## About this task
Here, the job is to give back every entry below unchanged, omitting pictures.

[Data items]
_ _ _ _ _
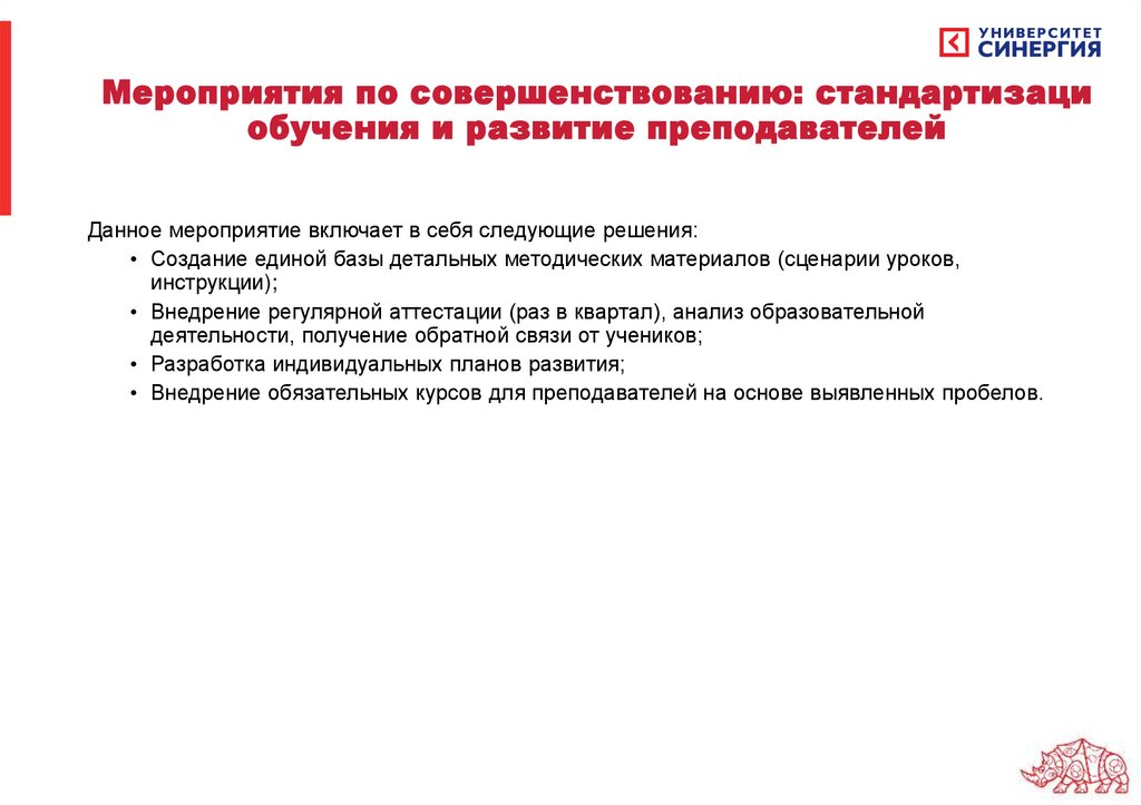 • Внедрение регулярной аттестации (раз в квартал), анализ образовательной
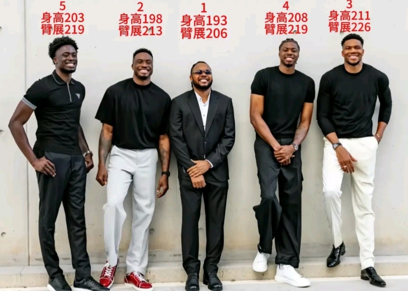 刚好一套阵容!字母哥五兄弟的身高的臂展,这大哥看起来不像是有1米93的样子,
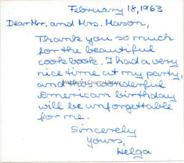 Correspondence between Helga Leenen and Mr. & Mrs. Mason, Feb. 1963Entry/Object ID
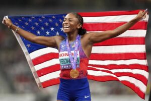 وختتمت الأميركية ميليسا جيفرسون وودن، موسمها المهيمن بفوزها بسباق (100 متر) عدواً للسيدات، مسجلة رقماً قياسياً للبطولة بلغ (10,61) ثوانٍ، وحصلت تينا كلايتون على الميدالية الفضية لجامايكا، مسجلة أفضل زمن شخصي لها وهو (10,76) ثوانٍ، بينما ذهبت الميدالية البرونزية إلى البطلة الأولمبية جوليان ألفريد من سانت لوسيا، مسجلة (10,84) ثوانٍ، وفي آخر نهائي فردي لها قبل اعتزالها في سن الثامنة والثلاثين، سجّلت الأسطورة الجامايكية شيلي آن فريزر – برايس، بطلة العالم خمس مرات توالياً، سادس أسرع زمن خلف حاملة اللقب الأميركية شاكاري ريتشاردسون.
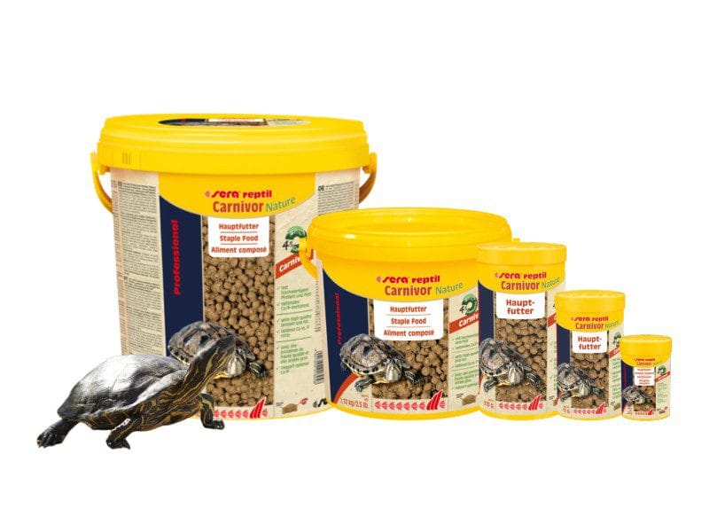 Sera Reptil Professional Carnivor Nature to pokarm podstawowy bez barwników i konserwantów składający się z pływającego, dwukolorowego granulatu wytwarzanego w wysoce funkcjonalnym procesie koekstruzji, dla wszystkich gadów mięsożernych takich jak żółwie wodne.
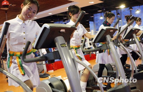 组图:世博会礼仪小姐上海忙“健身”(3)
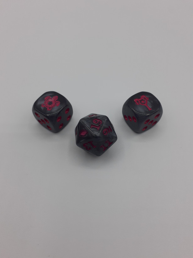 Dieses Set enthält 3 Schicksalspunkte mit dem Symbol des Gott Levthan, einen Götter- und einen Kha-Würfel, einen zwanzigseitigen Würfel sowie eine Anleitung zur Nutzung des Spielmaterials für eine Fokusregel zum Thema Schicksalspunkte.
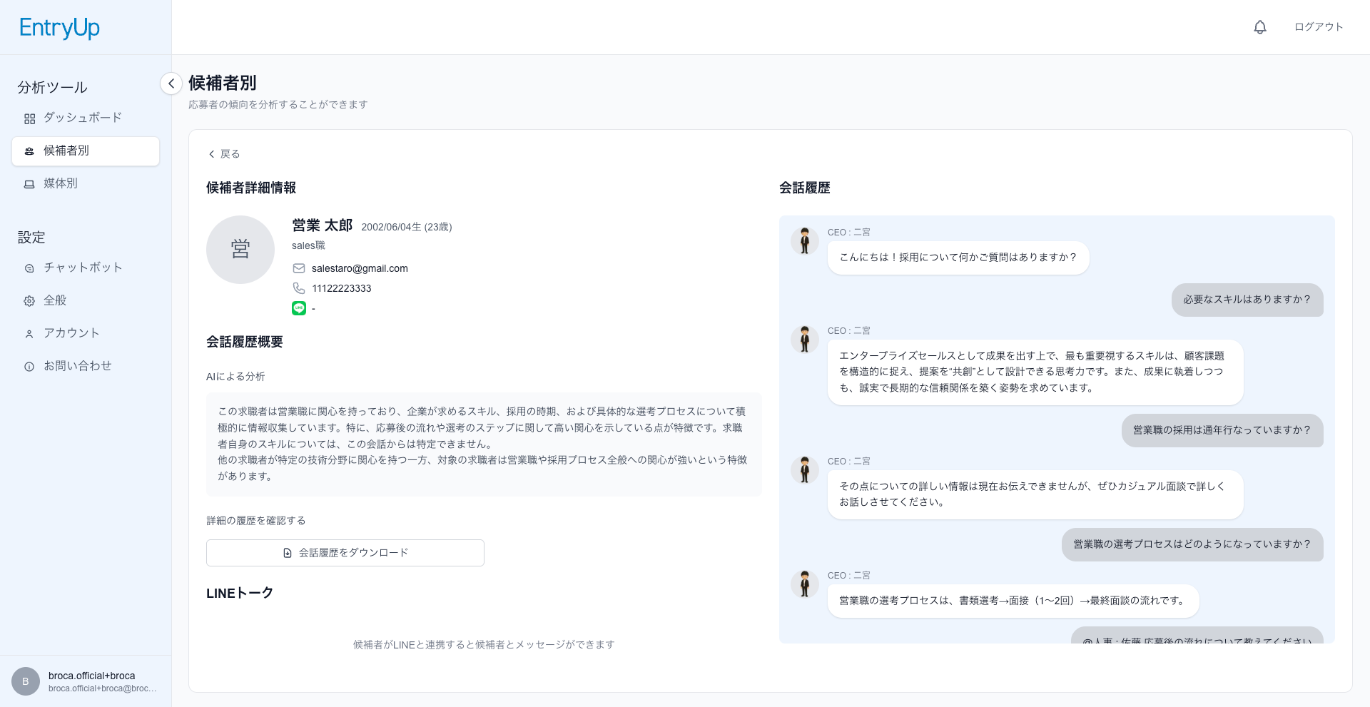 EntryUpは、AIチャットボットを通じて企業の魅力を最大限伝え、潜在候補者の取りこぼしを防ぎながら採用効率化を実現します。
_ _ _ _ _
## Answer to the problem
 • Внедрение регулярной аттестации (раз в квартал), анализ образовательной
 刚好一套阵容!字母哥五兄弟的身高的臂展,这大哥看起来不像是有1米93的样子,
 Correspondence between Helga Leenen and Mr. & Mrs. Mason, Feb. 1963Entry/Object ID
 وختتمت الأميركية ميليسا جيفرسون وودن، موسمها المهيمن بفوزها بسباق (100 متر) عدواً للسيدات، مسجلة رقماً قياسياً للبطولة بلغ (10,61) ثوانٍ، وحصلت تينا كلايتون على الميدالية الفضية لجامايكا، مسجلة أفضل زمن شخصي لها وهو (10,76) ثوانٍ، بينما ذهبت الميدالية البرونزية إلى البطلة الأولمبية جوليان ألفريد من سانت لوسيا، مسجلة (10,84) ثوانٍ، وفي آخر نهائي فردي لها قبل اعتزالها في سن الثامنة والثلاثين، سجّلت الأسطورة الجامايكية شيلي آن فريزر – برايس، بطلة العالم خمس مرات توالياً، سادس أسرع زمن خلف حاملة اللقب الأميركية شاكاري ريتشاردسون.
 Sera Reptil Professional Carnivor Nature to pokarm podstawowy bez barwników i konserwantów składający się z pływającego, dwukolorowego granulatu wytwarzanego w wysoce funkcjonalnym procesie koekstruzji, dla wszystkich gadów mięsożernych takich jak żółwie wodne.
 组图:世博会礼仪小姐上海忙“健身”(3)
 Dieses Set enthält 3 Schicksalspunkte mit dem Symbol des Gott Levthan, einen Götter- und einen Kha-Würfel, einen zwanzigseitigen Würfel sowie eine Anleitung zur Nutzung des Spielmaterials für eine Fokusregel zum Thema Schicksalspunkte.
 EntryUpは、AIチャットボットを通じて企業の魅力を最大限伝え、潜在候補者の取りこぼしを防ぎながら採用効率化を実現します。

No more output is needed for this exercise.